Formosa Pharmaceuticals, in collaboration with its licensee Grand Pharma, has announced positive top-line results from the Phase 3 CPN-303 trial evaluating APP13007 for the treatment of inflammation and pain following cataract surgery in Chinese patients. The randomized, double-blind study compared APP13007 to placebo in 255 subjects and met its primary endpoints with clinically and statistically significant results.
Key Findings from the CPN-303 Trial
The CPN-303 trial assessed the efficacy and safety of APP13007, a novel ophthalmic nanosuspension formulation of clobetasol propionate (0.05%), in resolving ocular inflammation and pain post-cataract surgery. The primary endpoints were complete and sustained resolution of ocular inflammation, defined as an anterior chamber cell (ACC) count of 0 from post-operative day 8 (POD8) through POD15, and ocular pain grade = 0 from POD4 through POD15.
APP13007, administered as an eyedrop twice daily for 14 days, demonstrated superior efficacy compared to placebo. Specifically, 31.8% of subjects in the APP13007 group achieved an ACC count of 0 from POD8 through POD15, compared to 20.0% in the placebo group (p<0.05). Furthermore, 91.2% of subjects treated with APP13007 were free of ocular pain by POD4 and remained pain-free through POD15, whereas only 55.3% of subjects in the placebo group achieved the same outcome (p<0.001).
Safety and Tolerability
The treatment was well tolerated, with a safety profile similar to that of placebo. The pharmacokinetic profile was also consistent with expectations, reinforcing the drug's suitability for post-operative use.

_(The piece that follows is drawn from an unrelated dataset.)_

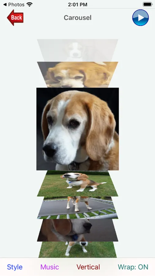 Carousel - Display selected photos in a carousel. There are two modes - manual or automatic and 12 carousel styles - Linear, Rotary, Inverted Rotary, Cylinder, Inverted Cylinder, Wheel, Inverted Wheel, Coverflow, Coverflow 2, Time Machine, Inverted Time Machine, Custom. You can run the carousel in horizontal or vertical mode with wrap-on or wrap-off. Music can be added from the music library. The music will play when the carousel is running.

Implications for Post-Cataract Care
"Formosa Pharma congratulates our partners at Grand Pharma on their successful and swift execution of this Phase 3 study in Chinese patients. We are pleased to note that the results of their trial are consistent with observations and outcomes of our United States trials. We look forward to working with Grand Pharma toward their commercial launch in China," said Erick Co, Ph.D., President and CEO of Formosa Pharmaceuticals.
These results align with previous Phase 3 studies conducted in the United States, suggesting consistent efficacy and safety across different patient populations. With the prevalence of cataract surgery and the need for effective post-operative management, APP13007 represents a valuable option for healthcare professionals.